There are two ways that probability can play a "real" role in MW.
This is no different from how it plays a role in other interpretations
of quantum physics, though.

First would be real-world probability.  Take an electron cloud.  We
can say that the probability that the electron appears in a certain
range is, say, 90%.  This is a real probability that guides our
expectation.  If we measure a bunch of electrons we expect to find
around 90% of them in that range, and when we measure them, we do.  In
MW this is like saying that 90% of worlds consist of that particular
electron being in that range.  There are an infinite number of places
that electron could be, and an infinite number of places it could not
be.  But there's still a 90% chance of it being in the specified
range.  So we can...in a sense...think of 90% of the possible worlds
being in that range.

If you're confused it's probably in part because of a lack of
understanding in the shift from finite to infinite.  Infinite numbers
don't operate under the same rules than finite numbers do, just like
negative numbers operate differently than positive numbers.  I could
explain this but it would take a few hours of expounding on set theory
to get you there.  Just know that infinite sets are compressible and
manipulable in ways that finite sets aren't.  For example, we can pair
up the squares of all natural numbers with the set of all natural
numbers one-to-one: 0 = 0, 1 = 1, 2 = 4, 3 = 9... and so on, so that
no number in either set is unpaired.  This is possible even though the
odds of selecting a perfect square arbitrarily out of the natural
numbers is 0%, because as you approach infinity, 0% of all natural
numbers are squares.  Newton took this to mean than reasoning about
infinity was absurd, but this was because he didn't understand the
difference between the cardinality and the ordinality of numbers.

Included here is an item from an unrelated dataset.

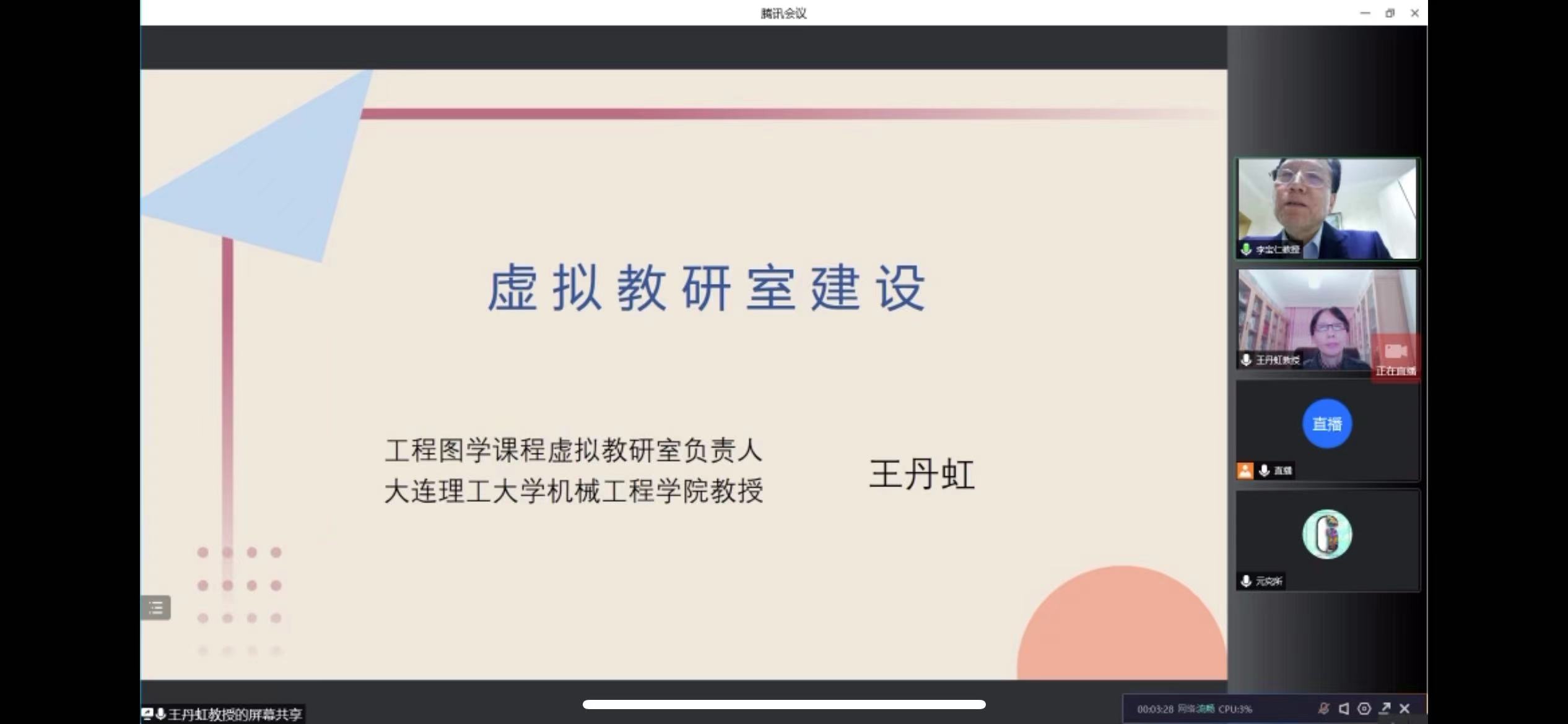 为贯彻落实《教育部高等教育司关于开展虚拟教研室试点建设工作的通知(教高司函〔2021〕10号),全面提高教师教书育人能力,探索推进新型基层教学组织建设。5月9日,马克思主义学院网络平台负责人刘倩老师组织各教研室教师观摩《虚拟教研室建设经验交流讲座》,此次讲座由工程图学课程虚拟教研室试点建设带头人、大连理工大学机械学院王丹虹教授讲授。

Second, we can talk about what it means for something to have
virtually no chance of happening.  We should always expect things that
are beyond reason not to happen, even though an infinite number of
such worlds must exist.  A cow could appear directly in front of me
right now due to quantum effects, but the odds are virtually zero so I
do not expect the occurrence.  In these cases a mathematician would
say that "almost all" worlds obey a certain property that precludes
the appearance of the cow.  "Almost all" has a technical meaning in
mathematics, but it means that the chance of something occurring is
too minute to put in terms of a real number.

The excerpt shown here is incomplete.